Но план был выполнен только на девяносто девять процентов. Сосновский не принял последний рояль... Иван Емельянович застонал, чтобы слышно стало жене, и жена пришла бы к нему. Он сказал бы тогда жене, что сердце — не шутка, что надо проверить ого, что когда проверяли на военной комиссии в сорок девятом году, уже и тогда давление было сто шестьдесят на девяносто. Он сказал бы жене, что теперешняя работа ему вконец расшатает нервы, что работа вся — нервотрепка, что он не лечил свой радикулит с самой финской войны и едва ли ему дотянуть до пенсии...
Но жена не откликнулась, значит, ушла в магазин.
Кораблев свесил ноги с постели. Он думал, насколько теперь поднялось у него, в сравнении с сорок девятым годом, давление крови, что надо поехать в Цхалтубо и там посидеть хорошенько в лечебной воде. Он думал о раке, гипертонии, стенокардии и об инфаркте... «А кому же еще и болеть, как не мне? — разговаривал сам с собой Кораблев. — Две войны, всю блокаду прошел, и работа такая нервная. И тем — хоть рассыпься, а выдай план, и этих нельзя обидеть. Инфаркт от расстройства бывает. Расстроишься сильно — и хватит. Да плюс к тому еще климат гнилой. Гипертония, наверное, и так уже заработана. И стенокардия...»

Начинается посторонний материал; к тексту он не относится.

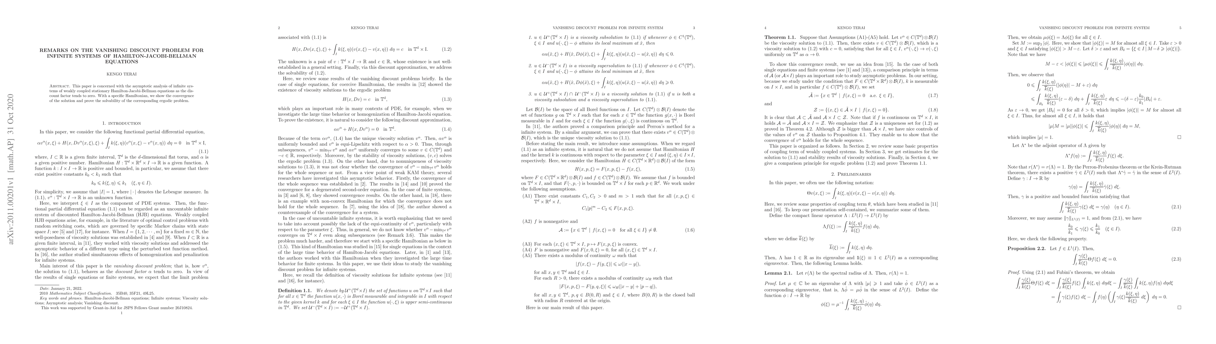 This paper analyzes the asymptotic behavior of infinite systems of weakly coupled Hamilton-Jacobi-Bellman equations as the discount factor approaches zero. It demonstrates the convergence of solutions and proves the solvability of the associated ergodic problem for a specific Hamiltonian.

Он стал вспоминать еще и другие болезни и прикладывать их к себе, примерять. И все болезни казались впору, такая простудная вышла жизнь. Кораблев сидел на кровати в исподнем и старался себя пожалеть, но жалость не наступала; позабыться и оправдаться болезнью было нельзя. Профессор Сосновский не подписал последний приемочный акт. Девяносто девять роялей отправлены были заказчикам, а сотый остался висеть на начальнике цеха...
Другие два члена приемочной тройки готовы были принять. Иван Емельянович видел: они садились к роялю, и головы их тряслись от усердия, так сильно они ударяли но клавишам. Широко разгоняли в стороны руки, потом сводили их вместе. Руки были похожи на галочьи крылья...
Два члена комиссии говорили профессору, Иван Емельянович слышал, что можно принять, что пиано звучит хорошо, что разве только форте выходит несколько глухо, и то почти незаметно. Профессор слушал своих коллег по комиссии и наклонял к ним ухо, и даже снимал очки, как будто так ему было слышнее. Когда они кончили говорить, профессор вдруг вскрикнул: «Крещендо!» И подшагнул вплотную к коллегам, стал боком в боксерскую стойку и произнес:
— Крещендо не может глухо звучать! Крещендо должно быть органным, баховским! Только одно крещендо нас вынесет к небесам! Нам оторваться нужно, взлететь! Восторгу нам не хватает, чтобы подняться.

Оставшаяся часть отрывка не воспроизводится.